There is a moment in Act 3 when everything in the play changes, and everything between Jim Tyrone and Josie Hogan changes. To this point the play has been broad and delightful comedy with only the merest hint of depths underlying the jokes, the wit and the overall good humor. In Act 3, Josie – and the audience – can begin to know Jim and his story. The joking, kidding and scheming gradually stop, and nothing is left but the growing knowledge in Josie that she has not known Jim at all, that he is completely different from what she has allowed herself to believe, that she too is different from the way she has come to see herself and her bluff, and ends in Act 4 knowing who Jim is, and knowing better who she herself is. The change begins with Josie admitting to Jim what he and her father already knows, that she is a virgin, and develops as she increasing knows not only that she is loveable but, more importantly, that she has the capacity to love as well as to desire. She changes from rebellious daughter to woman and at the end of the play has clearly emerged as the central character in a play that is not only about Jim’s tragic story, but something else for which we do not have a clear name. The play belongs in that small group of works like Sophocles’ Oedipus at Colonnus, Shakespeare’s Antony and Cleopatra, Winter’s Tale and Cymbelline which exist in the world of tragedy but which move into some unnamed land beyond, a land barely known.

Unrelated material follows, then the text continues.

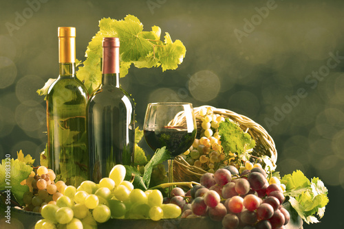 © pfpgroup, Fototapeta premium Wine with cask and vineyard
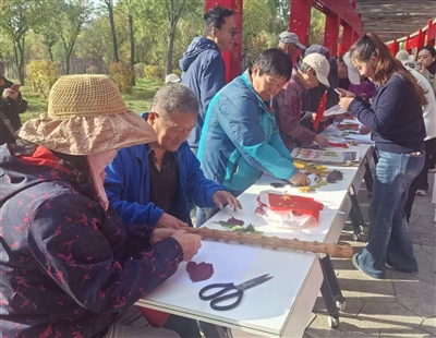 近日,西宁火车西站社区组织辖区老人开展重阳徒步行活动,活动中,老人们围坐在一起用各种落叶创作形态各异的手工艺品,亲近自然的同时也锻炼了身心。俪臻 摄

The ACT performance is given with one intermission, between acts 2 and 3. The small parts of brother Mike and the millionaire Harder are played competently, as is father Hogan (although I once felt he lacked the empathic knowledge of his daughter that O’Neill’s character should have.) But the play belongs to Josie and Jim Tyrone, and I have never seen the parts played better, nor with actors who fit so well together. John Procaccino is quieter and less flamboyant than Jason Robards in the part, but he reaches just as deeply into Jim’s misery and he knows Josie as well as she can be known. While the play is going on, it seems that quiet thoughtfulness is the best way to play the part of Jim. Jeanne Paulsen is his equal, equally good in the comic scenes with her father, and in presenting Josie’s gradually growing knowledge of who Jim is, why he cannot love, why and how he is dead before his time has come. The two actors are wonderfully attuned to each other. Mr. Procaccino seems to go as deeply into Jim as any actor I have seen, and Josie understands what Jim finds in himself. At the end, as should be, Josie emerges as one for who we can feel hope, even as we grieve for Jim’s hopelessness. And so the play leaves us a bit breathless, but not hopeless; we know the lives of these characters are worth living and they show us something about our own lives that is valuable knowledge. This is a performance not to be missed.